- Activity
Give back the listing in full and exactly, leaving out the images.

- Supplied information
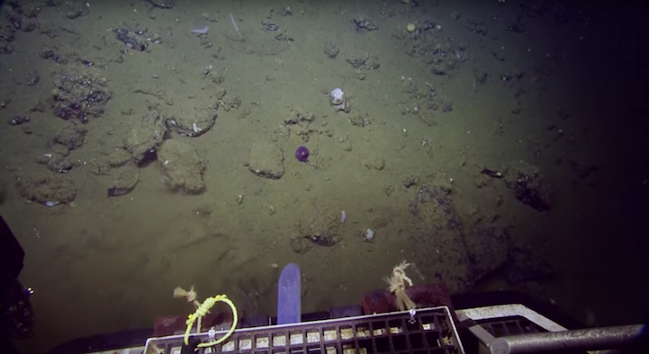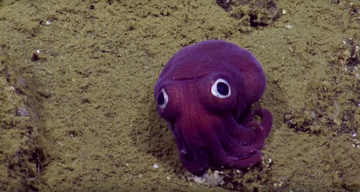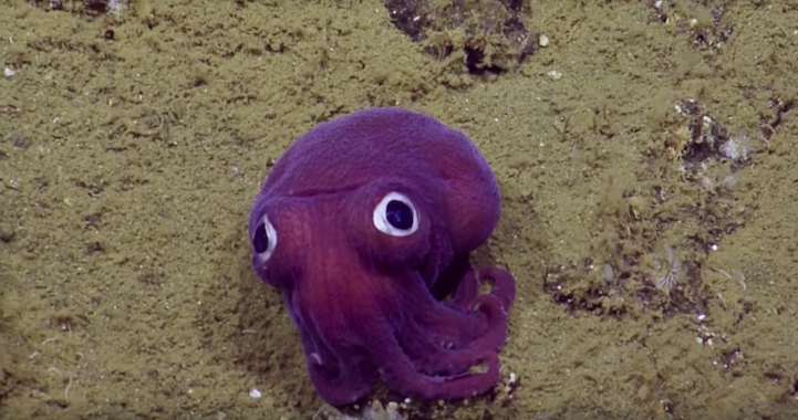E/V Nautilus, the team who spotted the creature, later discovered it’s called a Rossia pacifica or stubby squid. Although it looks like a combination of an octopus and squid, it’s actually more closely related to a cuttlefish. “This species spends life on the seafloor,” they write on YouTube, “activating a sticky mucus jacket and burrowing into the sediment to camouflage, leaving their eyes poking out to spot prey like shrimp and small fish.”
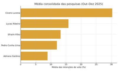 No retrato atualizado de outubro ao início de dezembro, Cícero aparece com 30,3% das intenções de voto na média dos institutos. Lucas Ribeiro surge em seguida, com 15,8%, enquanto Efraim Filho tem 13,2%. Pedro Cunha Lima, que vinha em trajetória de queda nas últimas rodadas, aparece com 12,0%. Adriano Galdino, que deixou a disputa, permanece congelado na série histórica com 8,9%.
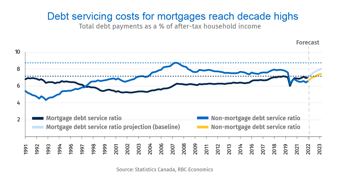 Discretionary or non-essential spending on things like home furnishings and renovations drove the pandemic spending surge. But as interest rates rise and price pressures persist, Canadians will increasingly prioritize necessities like groceries and gas—and debt. We estimate households will soon have to allocate 15% of their take-home pay just to debt servicing, with half of this attributed to mortgage costs.
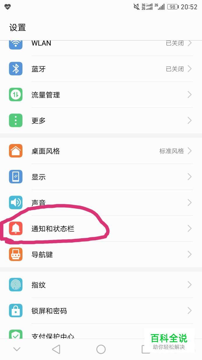 第一步:点开“设置”,在第二大栏中找到“通知和状态栏”,点击。
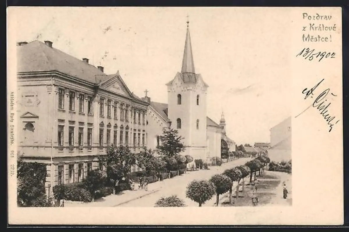 AK Mestec Kralove, Strassenpartie mit Kirche und Passanten
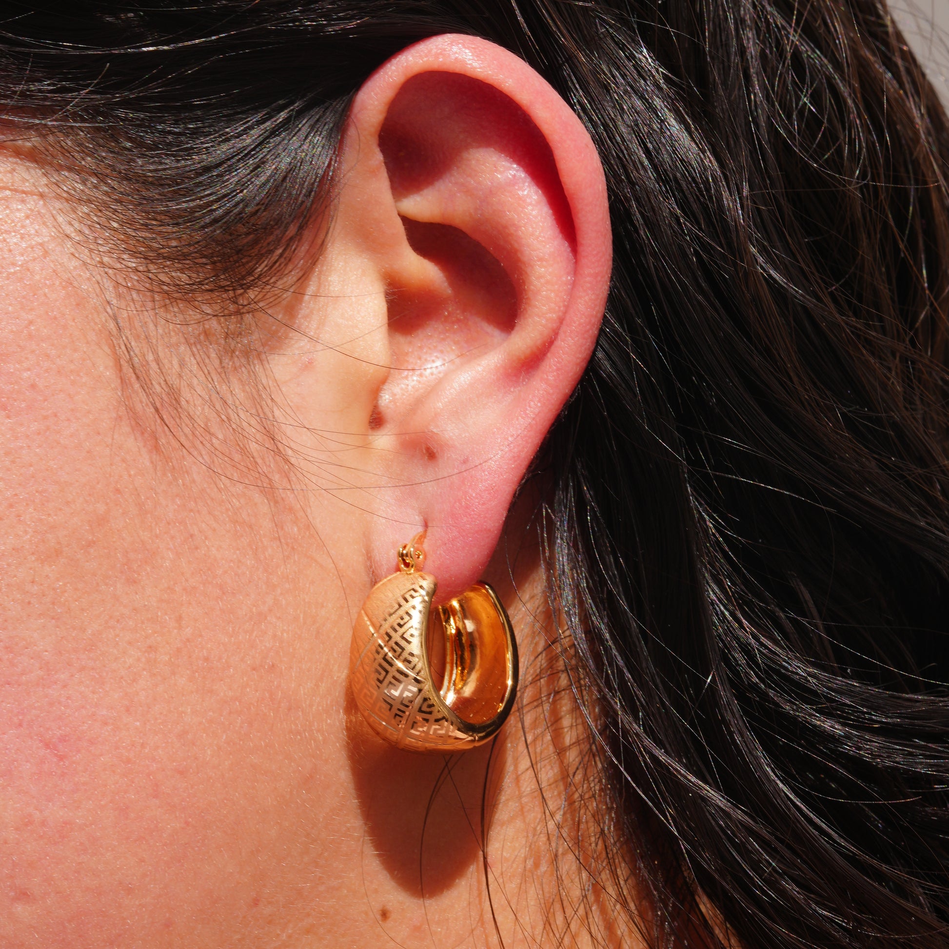 Aretes tipo argolla ancha con acabado pulido y grabado geométrico elegante.

- Your solution
E/V Nautilus, the team who spotted the creature, later discovered it’s called a Rossia pacifica or stubby squid. Although it looks like a combination of an octopus and squid, it’s actually more closely related to a cuttlefish. “This species spends life on the seafloor,” they write on YouTube, “activating a sticky mucus jacket and burrowing into the sediment to camouflage, leaving their eyes poking out to spot prey like shrimp and small fish.”
 No retrato atualizado de outubro ao início de dezembro, Cícero aparece com 30,3% das intenções de voto na média dos institutos. Lucas Ribeiro surge em seguida, com 15,8%, enquanto Efraim Filho tem 13,2%. Pedro Cunha Lima, que vinha em trajetória de queda nas últimas rodadas, aparece com 12,0%. Adriano Galdino, que deixou a disputa, permanece congelado na série histórica com 8,9%.
 Discretionary or non-essential spending on things like home furnishings and renovations drove the pandemic spending surge. But as interest rates rise and price pressures persist, Canadians will increasingly prioritize necessities like groceries and gas—and debt. We estimate households will soon have to allocate 15% of their take-home pay just to debt servicing, with half of this attributed to mortgage costs.
 第一步:点开“设置”,在第二大栏中找到“通知和状态栏”,点击。
 AK Mestec Kralove, Strassenpartie mit Kirche und Passanten
 Aretes tipo argolla ancha con acabado pulido y grabado geométrico elegante.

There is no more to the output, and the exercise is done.